Видимо, они выбрали правильное направление, потому что им стало попадаться все больше целенаправленно идущих навстречу, к станции людей — явно рабочие или итээровцы, закончившие смену. И вдруг в густеющей толпе подруги увидели Владика и Радия. Парни девчонок в первый момент не заметили. Шествовали они следующим порядком: впереди Радий в компании со встрепанным немолодым мужчиной в берете (впоследствии оказалось, что это Флоринский), а следом Владик — но что это? Иноземцев шел в компании девахи — маленькой, не слишком красивой, но, издалека видать, бойкой. Главная загвоздка в девчонке заключалась в том, КАК она смотрела на Владислава. Это заметили обе, и Жанна, и Галя — у последней аж сердце заныло. Посторонняя гражданка пялилась на идущего рядом парня (которого Галина уже почитала своим) с немым восторгом, преклонением, обожанием! Казалось, еще минута, он сделает неосторожный жест — и она съест его живьем и кусочка Гале не оставит! Нет, обычный товарищ по работе ТАК на своего коллегу не смотрит!
— Ты только глянь на них! — схватила Галю за рукав Жанна.
Однако Галина и сама все видела, и ей увиденное совершенно точно не нравилось.
А тут и Радий с Владиком заприметили встречных подруг, и Иноземцев, безо всякого смущения и задней мысли, представил их незнакомке.
Девушку, оказалось, зовут Мариной, и, ох, каким же гневным, потемневшим взглядом соперницы одарила она Галю с Жанной!

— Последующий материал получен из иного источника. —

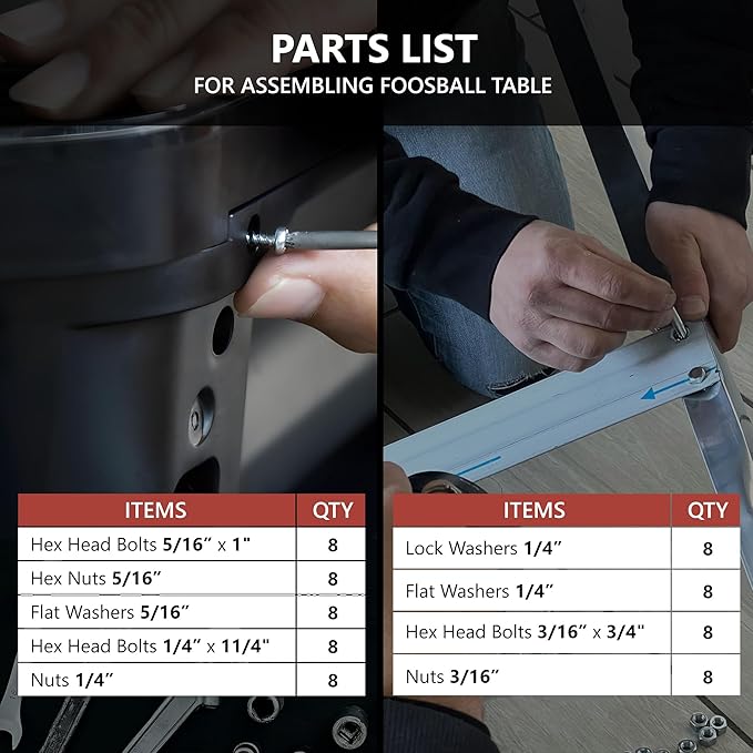 - EASY INSTALLATION: This foosball air hockey combo table comes with a pre-assembled playfield; just attach the legs for a fast and effortless setup. This soccer table game includes step-by-step instructions, a video guide, and all necessary tools for a smooth, hassle-free experience. Set up your game room and start playing in no time.
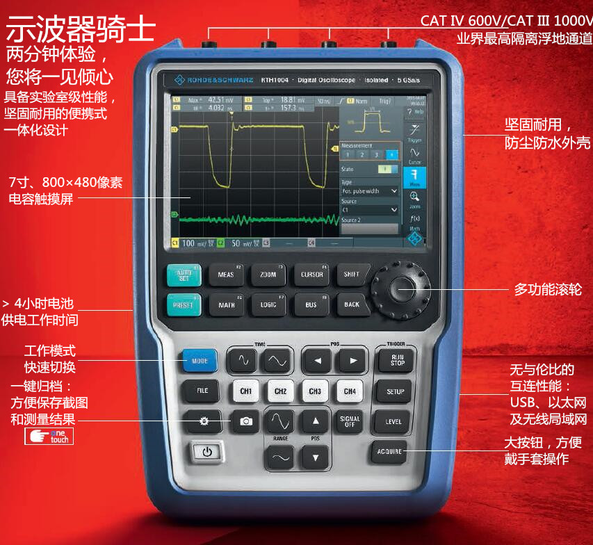 RTH1004四通道隔離示波器騎士把實驗室示波器的功能和性能與電池供電手持設備的形式因素便攜性和耐用性結合起來。其儀器內部集成了邏輯分析儀和先進的測量功能,使它成為了一個通用的測試工具,既可在實驗室進行嵌入式設計調試,也可在外場分析復雜的問題。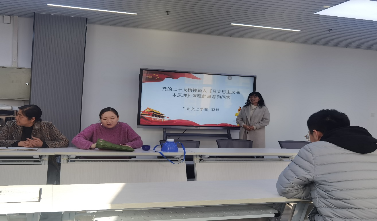 首先由蔡静老师介绍并分享了参加甘肃省思想政治理论课名师工作室集体备课会暨第三届甘肃政法大学大中小学思政课一体化研究论坛的学习体会,并就党的二十大精神融入思想政治理论课教学,进行了示范教学。

И особенно Галю! А Владислав, дурачок, казалось, этого не замечал. Слава богу, у него хватило ума не тащить эту Марину с собой к Флоринскому и потом за грибами!
— Не беспокойся, роднуля, я сама у него все тихонько выпытаю, — шепнула Жанна Гале и впоследствии обещание свое сдержала. В ходе выпивки у Флоринского (какие же грибы в России без выпивки!) она все у Владика разузнала, а потом Галине доложила:
— Ничего у них не было, Владик твой и не замечает, как она на него глазеет, над нею посмеивается. Техничка, расчетчица, учится на вечерке в Бауманском. Он говорит: дурочка, говорит, набитая. Но дурочка дурочкой, а подход у нее правильный, через желудок: таскает ему то пирожки, то сырнички. Но я, подруга, на твоем месте остереглась бы эту тихоню. Сегодня она его шанежками подкармливает, а завтра? Под венец поведет?

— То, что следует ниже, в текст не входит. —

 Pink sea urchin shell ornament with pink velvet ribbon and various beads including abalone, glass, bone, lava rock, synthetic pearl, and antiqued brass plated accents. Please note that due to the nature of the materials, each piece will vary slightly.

— Ну и пусть уводит! — браво проговорила Галина, однако сердце, вместе с тем, заныло: неприятно стало, что в один прекрасный день она вдруг сможет лишиться молчаливого преклонения Владика, рыцарских ухаживаний и милых приношений.
И не будь той встречи на подлипской улочке с Мариной — как знать, что бы ответила она на прямой вопрос Иноземцева?
Меж тем Марина оказалась не единственным неприятным моментом на том пикнике.
Сначала, впрочем, все шло довольно мило. Набились все в квартиру Флоринского. У того имелось целых две комнаты, разношерстно обставленных и насквозь прокуренных. Еще на улице он шепнул Владику: «В этом же доме у ЭсПэ квартира, и его жена нынешняя, Нина Ивановна, тоже здесь проживала. Но теперь Главному где-то в Москве жилье дали. Говорят, целый особняк».
Разумеется, первым делом соорудили импровизированный стол. Не обошлось без водочки, подумали и о дамах: привезли сладкого массандровского портвейна. Наварили картошки, открыли шпроты, банку крабов, вывалили развесной хамсы — прекрасный получился спонтанный пир! Постепенно площадкой овладел хозяин. Ему было что рассказать, было перед кем распускать свои престарелые перья! Довольно быстро явилась гитара. Флоринский запел. Сначала лихие, звучащие по-блатному опусы: «За что вы Ваньку-то Морозова, ведь он ни в чем не виноват» и «А нам плевать, и мы вразвалочку, покинув раздевалочку, идем себе в отдельный кабинет». Потом перешел на лирику: «Я в синий троллейбус сажусь на ходу» и «Девочка плачет, шарик улетел». Жанна, а особенно Галя и Владик знали толк в поэзии. Владислав, пораженный, воскликнул:
— Юрий Василич! Это вы написали?!
— Ах, если бы я, — засмеялся Флоринский. — Я б тогда в КБ не работал! Это молодой поэт, зовут Булат Окуджава, не слышали?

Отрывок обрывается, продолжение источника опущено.